This study focuses on the most basic form of Gold OA: the Direct OA. For the sake of clarity, from this point on the term ‘OA journal’ is used to refer to scholarly, peer reviewed journals in which all content is available freely on the web from day one, either exclusively online or parallel with a subscription print version, and which can be accessed by anyone with Internet access.
Aim of the study
The main aim of this study is to produce a reliable and comprehensive analysis of the historical development of OA journals. The analysis covers a time period starting from what can be considered the beginning of the phenomenon in the early 1990s and stretches to 2009. Emphasis has been placed on the use of systematic methods to sample and represent the population in order to construct a reproducible foundation which can be reused should the study be extended upon in the future.
The remainder of the article is structured as follows: first, relevant previous research is reviewed; then, the methods and data collection are presented; finally, the results are detailed, with a discussion interpreting them in a larger context.
Previous research
A major challenge for research aiming to establish reliable quantitative measurements of OA prevalence and publication volume has been the lack of comprehensive indexing for both OA journals and their articles. Though the situation has improved considerably over the past decade, the lack of article-level indexing for the majority of OA journals still poses a challenge for researchers. The fact that aggregated metrics are not readily available has been a major consideration in, and motivation for, the labor-intensive research design of this study. Previous studies have dealt with this lack of data through a variety of different data sources and collection methods. This section summarizes relevant earlier studies and their major findings, placing the study in a line of existing scientific contributions.
Ware and Mabe [6] measured that the total number of scholarly journals has increased at a steady rate of about 3.5% annually over the last three centuries, while growth in the total number of articles during the same time period has increased at the slightly slower pace of about 3% annually. This trend is important to keep in mind when studying developments in the proportion of OA journals and articles as the growth of OA publications must be compared relatively to the total article volume increase.
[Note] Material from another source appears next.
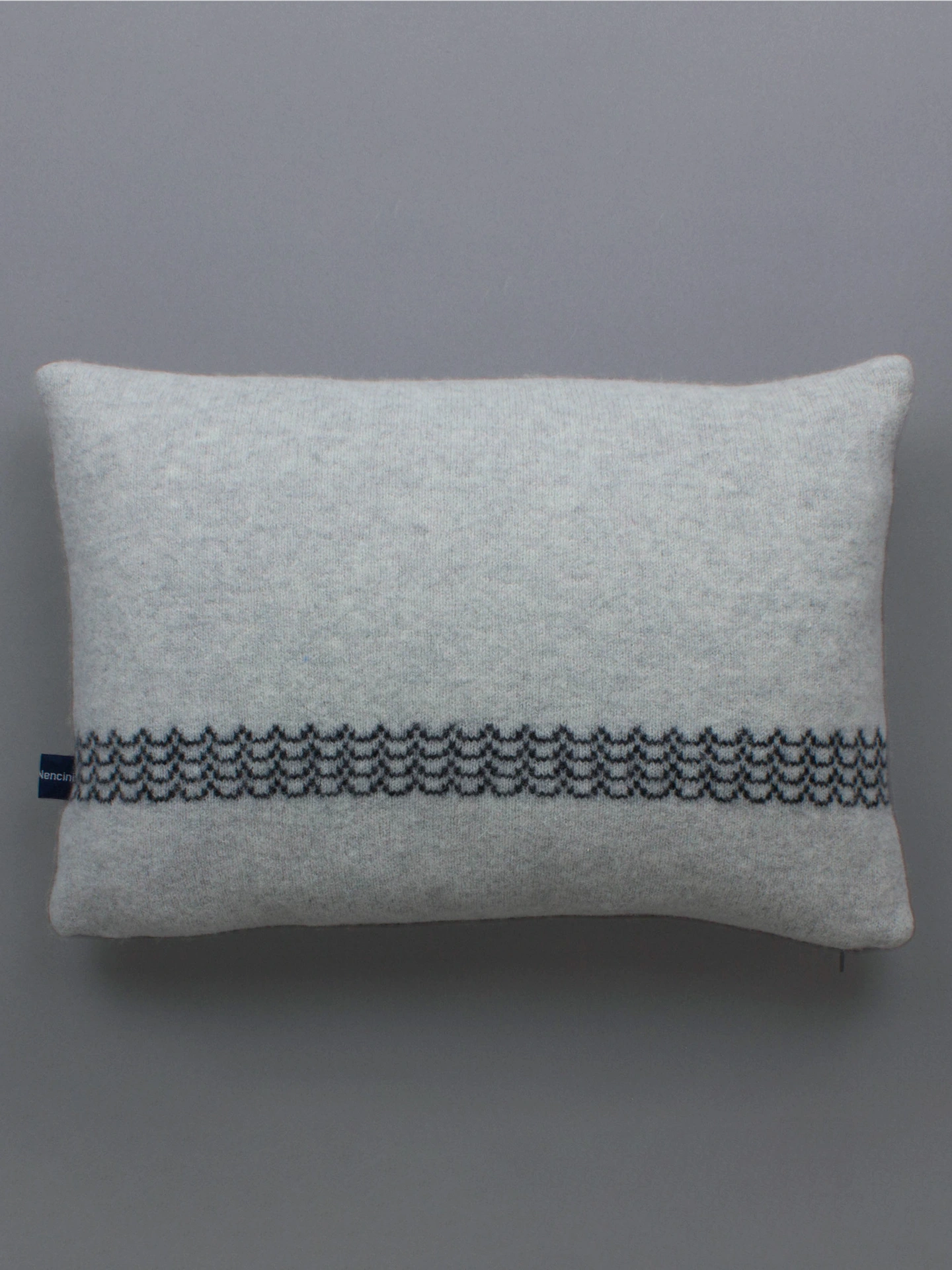 Designed and made in my studio in Norfolk using 100% lambswool yarn for a super soft feel, it has a black zip fastening and is stuffed with a duck feather cushion pad. Can be used as a cushion or pillow on your favourite chair, or to decorate a bed.

Crawford [7] is among the earliest studies documenting the behavior of pioneer OA journals. The study, conducted in 2001, attempted to chart the OA landscape back in 1995. Using data from The Association of Research Libraries, the study found evidence of the existence of 86 journals publishing in 1995 which fulfilled the criteria of free, refereed, and scholarly. Interested in the viability of this novel type of publishing, Crawford also investigated the status and activity of these 86 journals six years later (in 2001). The main finding was that only 49 journals, or 57%, were still actively publishing. There appeared to be a pattern among the majority of the ceased journals, which the author coined ‘the arc of enthusiasm’, where a journal does well during years 2–5, but does not increase the publication volume from the two initial years, only to end up totally inactive or publishing only one or two articles per year after that. Among those that had survived, two distinct groups were discernible: ‘small successes’ (n = 21) which published a steady stream of fewer than ten articles annually, and ‘strong survivors’ (n = 28) which consisted of bigger journals publishing over ten articles annually, with some journals regularly publishing over one hundred articles per year. Considering the speed with which changes happen on the Internet, attempting to measure or reconstruct the open availability of journal articles prior to around 1998 is a challenging task. Fortunately, Crawford conducted both a comprehensive review of OA journal developments between 1995 and 2001, as well as included all journal titles and their annual volumes as part of the article itself.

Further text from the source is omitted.